+++ STORED DATA

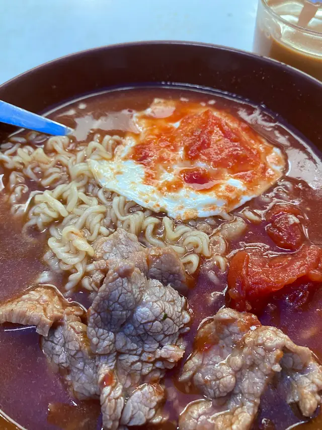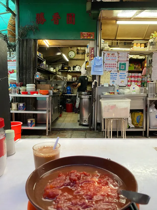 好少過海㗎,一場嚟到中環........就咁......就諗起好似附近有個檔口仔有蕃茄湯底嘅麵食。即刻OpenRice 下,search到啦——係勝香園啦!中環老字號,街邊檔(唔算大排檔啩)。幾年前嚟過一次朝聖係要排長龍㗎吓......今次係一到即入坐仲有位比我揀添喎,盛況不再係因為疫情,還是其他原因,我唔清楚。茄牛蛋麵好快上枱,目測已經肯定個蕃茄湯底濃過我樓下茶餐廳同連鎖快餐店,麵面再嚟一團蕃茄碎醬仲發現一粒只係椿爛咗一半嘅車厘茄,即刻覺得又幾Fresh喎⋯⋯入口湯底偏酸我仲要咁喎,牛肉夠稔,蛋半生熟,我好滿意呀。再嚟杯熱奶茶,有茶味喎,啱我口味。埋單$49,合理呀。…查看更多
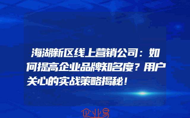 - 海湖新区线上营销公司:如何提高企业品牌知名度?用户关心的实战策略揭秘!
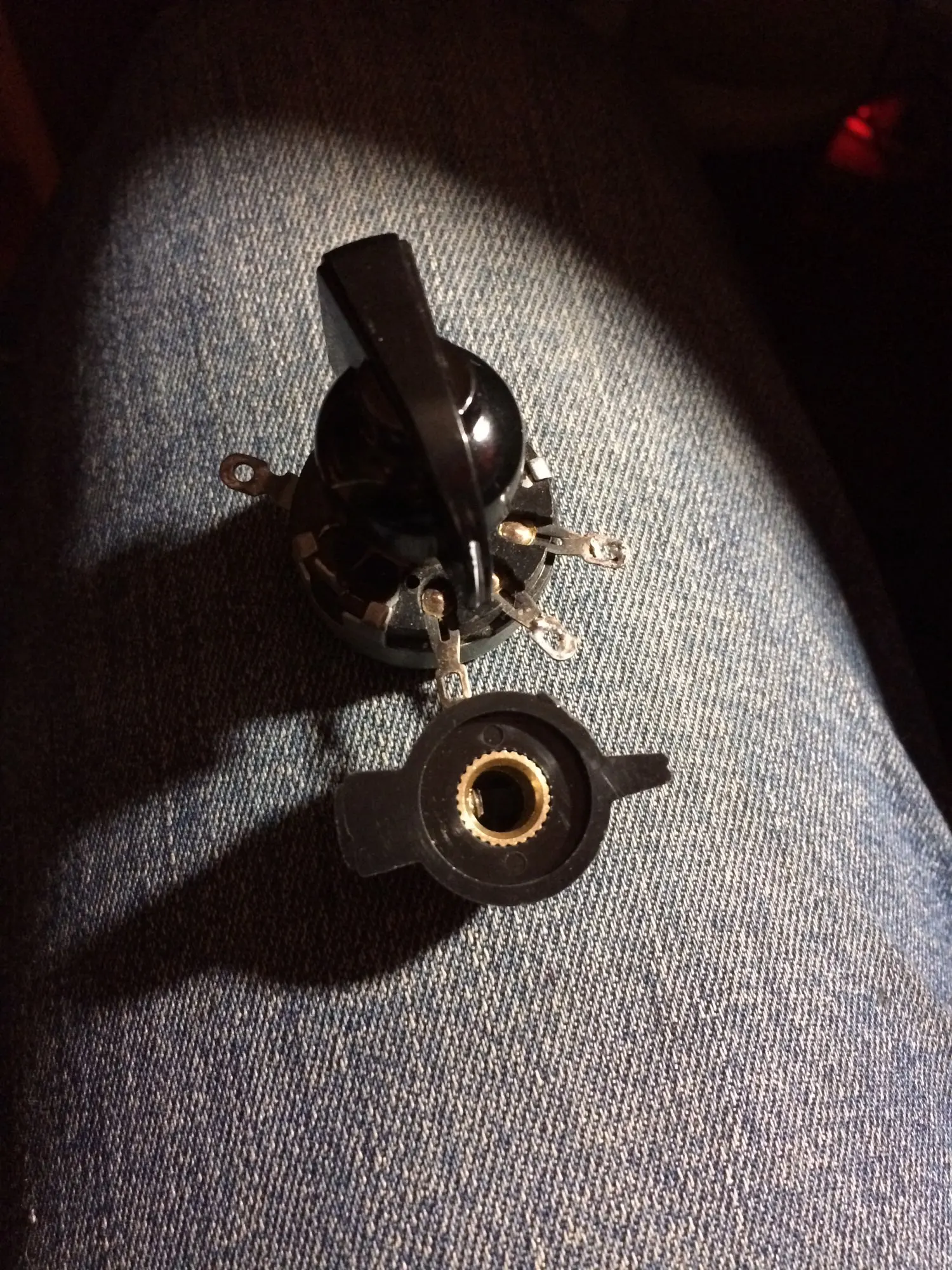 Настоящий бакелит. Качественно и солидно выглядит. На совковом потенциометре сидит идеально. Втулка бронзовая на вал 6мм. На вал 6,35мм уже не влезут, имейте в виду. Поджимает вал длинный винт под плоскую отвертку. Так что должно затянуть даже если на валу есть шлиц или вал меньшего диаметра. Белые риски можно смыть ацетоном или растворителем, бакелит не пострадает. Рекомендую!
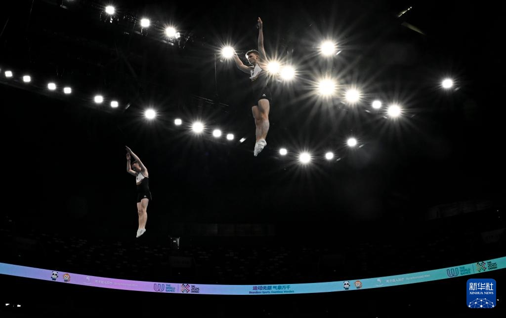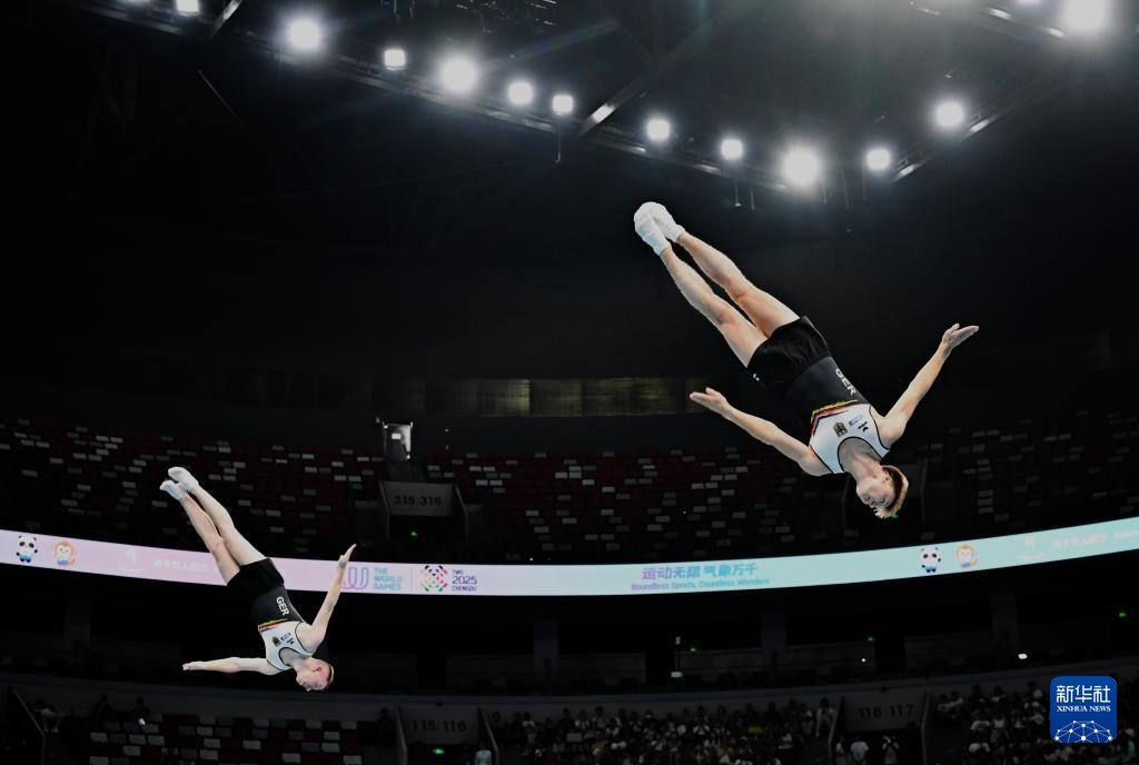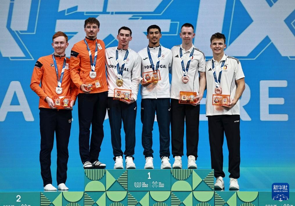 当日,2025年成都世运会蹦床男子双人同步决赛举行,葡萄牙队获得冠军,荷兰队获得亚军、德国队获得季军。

++++++

WORK REQUIRED: Copying starts at the line containing "Настоящий бакелит. Качественно" and ends at the last line of the material above; repeat only those lines exactly and omit the pictures.

SOLUTION TO THE EXERCISE:
 Настоящий бакелит. Качественно и солидно выглядит. На совковом потенциометре сидит идеально. Втулка бронзовая на вал 6мм. На вал 6,35мм уже не влезут, имейте в виду. Поджимает вал длинный винт под плоскую отвертку. Так что должно затянуть даже если на валу есть шлиц или вал меньшего диаметра. Белые риски можно смыть ацетоном или растворителем, бакелит не пострадает. Рекомендую!
 当日,2025年成都世运会蹦床男子双人同步决赛举行,葡萄牙队获得冠军,荷兰队获得亚军、德国队获得季军。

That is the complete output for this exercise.